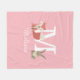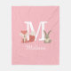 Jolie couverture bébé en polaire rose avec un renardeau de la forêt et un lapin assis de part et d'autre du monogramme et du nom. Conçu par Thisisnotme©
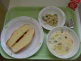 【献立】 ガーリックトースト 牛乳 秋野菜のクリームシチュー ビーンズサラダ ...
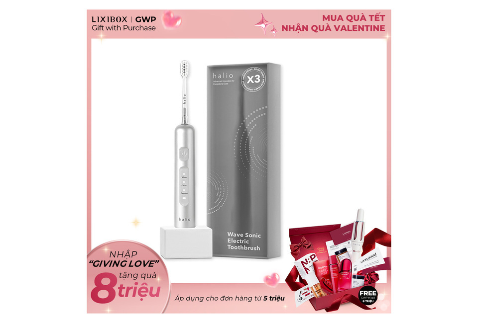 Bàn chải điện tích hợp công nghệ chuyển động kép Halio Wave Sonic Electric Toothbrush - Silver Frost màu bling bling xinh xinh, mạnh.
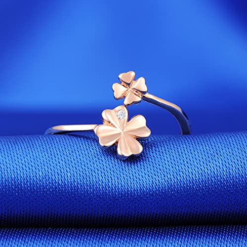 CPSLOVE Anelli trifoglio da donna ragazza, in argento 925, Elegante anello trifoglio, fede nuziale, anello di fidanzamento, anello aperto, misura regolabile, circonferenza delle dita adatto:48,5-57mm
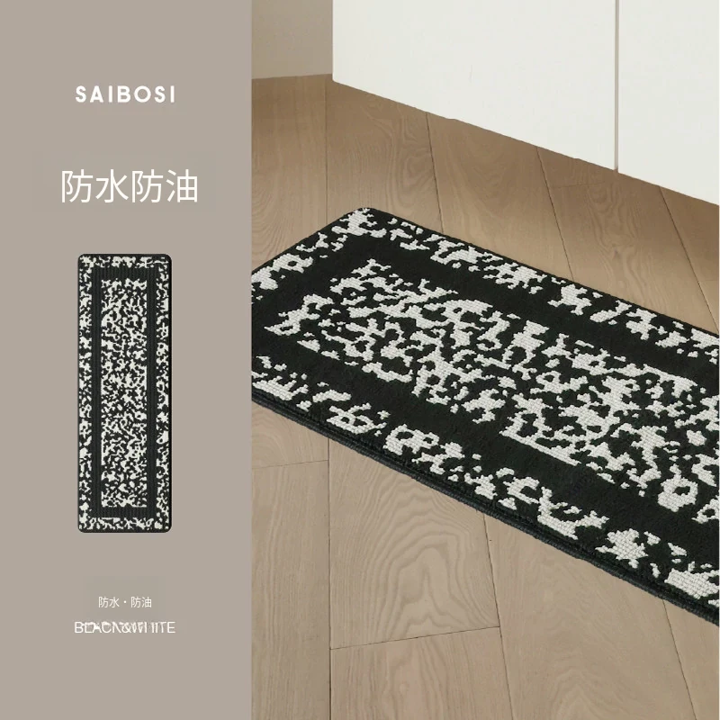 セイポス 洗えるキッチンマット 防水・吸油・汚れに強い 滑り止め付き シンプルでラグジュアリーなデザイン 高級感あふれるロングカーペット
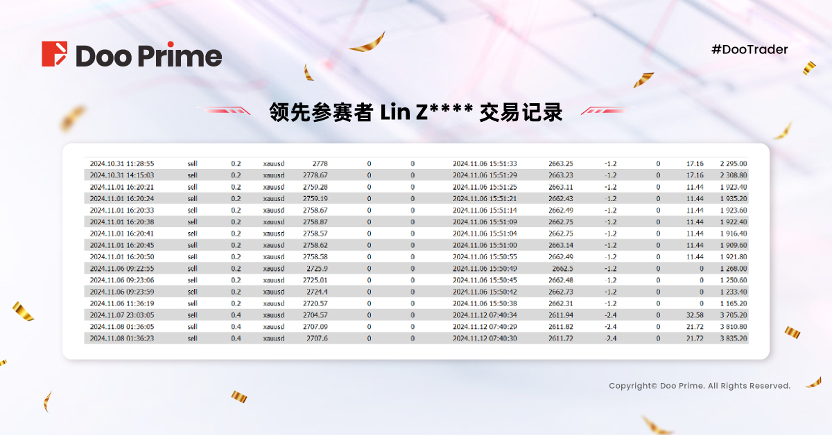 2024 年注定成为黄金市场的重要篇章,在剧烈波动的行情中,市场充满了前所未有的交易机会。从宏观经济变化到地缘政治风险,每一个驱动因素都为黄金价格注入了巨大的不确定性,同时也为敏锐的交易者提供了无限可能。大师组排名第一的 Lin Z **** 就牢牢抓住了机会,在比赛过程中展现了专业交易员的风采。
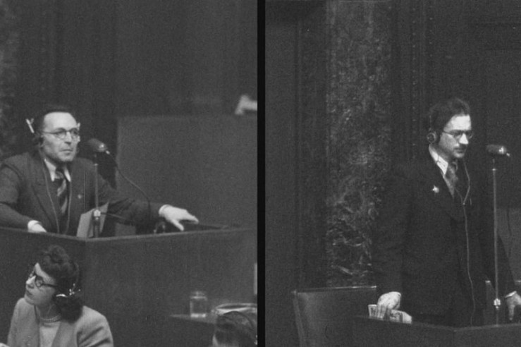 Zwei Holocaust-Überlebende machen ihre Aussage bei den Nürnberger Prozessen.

#####

Any pictures are to be skipped, and the lines from the beginning of the entries through the line with "Bàn chải điện" copied exactly.

 Jolie couverture bébé en polaire rose avec un renardeau de la forêt et un lapin assis de part et d'autre du monogramme et du nom. Conçu par Thisisnotme©
 【献立】 ガーリックトースト 牛乳 秋野菜のクリームシチュー ビーンズサラダ ...
 Bàn chải điện tích hợp công nghệ chuyển động kép Halio Wave Sonic Electric Toothbrush - Silver Frost màu bling bling xinh xinh, mạnh.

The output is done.